British & South African orders of wear
- Next (higher): UK precedence: Venerable Order of Saint John; SA precedence: Honoris Crux Gold;
- Equivalent: Union of South Africa King's Medal for Bravery, Gold Woltemade Decoration for Bravery, Gold
- Next (lower): UK succession: Distinguished Conduct Medal; SA succession: Woltemade Cross for Bravery, Gold;

= Union of South Africa Queen's Medal for Bravery, Gold =

The Union of South Africa Queen's Medal for Bravery, Gold was the highest South African civilian decoration during the period from 1952 to 1961, while the country was still a constitutional monarchy in the British Commonwealth.
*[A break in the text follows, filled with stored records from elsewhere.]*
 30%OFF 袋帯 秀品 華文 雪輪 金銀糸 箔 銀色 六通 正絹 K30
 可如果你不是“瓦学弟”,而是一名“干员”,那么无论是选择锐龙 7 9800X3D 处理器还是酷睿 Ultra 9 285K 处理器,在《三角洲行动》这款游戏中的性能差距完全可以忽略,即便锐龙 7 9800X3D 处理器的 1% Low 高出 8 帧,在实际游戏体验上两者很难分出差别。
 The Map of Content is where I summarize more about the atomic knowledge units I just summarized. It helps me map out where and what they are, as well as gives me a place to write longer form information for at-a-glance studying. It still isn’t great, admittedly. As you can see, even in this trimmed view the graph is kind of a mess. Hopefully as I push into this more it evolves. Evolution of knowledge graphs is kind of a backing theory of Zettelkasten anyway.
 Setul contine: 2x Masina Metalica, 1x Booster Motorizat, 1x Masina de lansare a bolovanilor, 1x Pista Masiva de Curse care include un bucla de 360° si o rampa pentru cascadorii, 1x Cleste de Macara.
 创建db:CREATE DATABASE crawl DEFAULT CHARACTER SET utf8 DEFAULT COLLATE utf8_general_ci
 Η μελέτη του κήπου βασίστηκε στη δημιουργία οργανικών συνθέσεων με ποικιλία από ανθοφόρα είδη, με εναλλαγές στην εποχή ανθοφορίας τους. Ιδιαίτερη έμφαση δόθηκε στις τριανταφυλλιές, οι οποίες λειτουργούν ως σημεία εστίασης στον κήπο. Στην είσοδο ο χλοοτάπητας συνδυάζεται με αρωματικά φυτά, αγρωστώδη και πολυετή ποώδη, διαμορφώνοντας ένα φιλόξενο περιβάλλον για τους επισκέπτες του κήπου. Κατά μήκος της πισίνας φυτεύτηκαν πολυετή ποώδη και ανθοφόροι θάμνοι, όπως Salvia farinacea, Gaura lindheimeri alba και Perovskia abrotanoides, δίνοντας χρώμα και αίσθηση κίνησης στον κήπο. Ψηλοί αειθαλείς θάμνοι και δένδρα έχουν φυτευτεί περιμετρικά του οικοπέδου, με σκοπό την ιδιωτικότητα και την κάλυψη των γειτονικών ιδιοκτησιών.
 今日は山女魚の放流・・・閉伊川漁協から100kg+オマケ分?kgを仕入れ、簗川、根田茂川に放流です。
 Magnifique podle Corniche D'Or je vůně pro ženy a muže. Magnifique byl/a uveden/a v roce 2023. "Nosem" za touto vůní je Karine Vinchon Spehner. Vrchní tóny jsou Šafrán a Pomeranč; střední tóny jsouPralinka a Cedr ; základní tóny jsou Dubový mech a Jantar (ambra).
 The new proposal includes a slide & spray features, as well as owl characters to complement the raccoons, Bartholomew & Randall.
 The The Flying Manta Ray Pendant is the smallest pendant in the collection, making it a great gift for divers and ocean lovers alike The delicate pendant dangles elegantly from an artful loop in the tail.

The decoration was instituted by Queen Elizabeth II on 15 December 1952.

==Institution==
The Union of South Africa Queen's Medal for Bravery, Gold, the senior of two classes of South Africa's highest civilian decoration for bravery, was instituted by Royal Warrant of 15 December 1952, published in Government Gazette no. 5013 dated 27 February 1953. The medal replaced the Union of South Africa King's Medal for Bravery, Gold, after the accession to the British Throne of Queen Elizabeth II on 6 February 1952.

==Award criteria==
The earlier King's Medal for Bravery, Gold was awarded to recognise acts of gallantry performed in the face of imminent and obvious peril by those residents of the Union of South Africa or its dependent territories who endangered their lives in the act of saving, or endeavouring to save, the lives of others. Upon the institution of the Queen's Medal for Bravery, Gold, the conditions of eligibility that had applied to the King's Medal were expanded to include non-citizens of the Union for acts of gallantry within the Union or while saving or endeavouring to save the lives of citizens of the Union elsewhere.

==Order of wear==
In the British order of precedence, the Union of South Africa Queen's Medal for Bravery, Gold ranks as a second-level decoration, equivalent to the George Medal. It is preceded by the Venerable Order of Saint John and succeeded by the Distinguished Conduct Medal.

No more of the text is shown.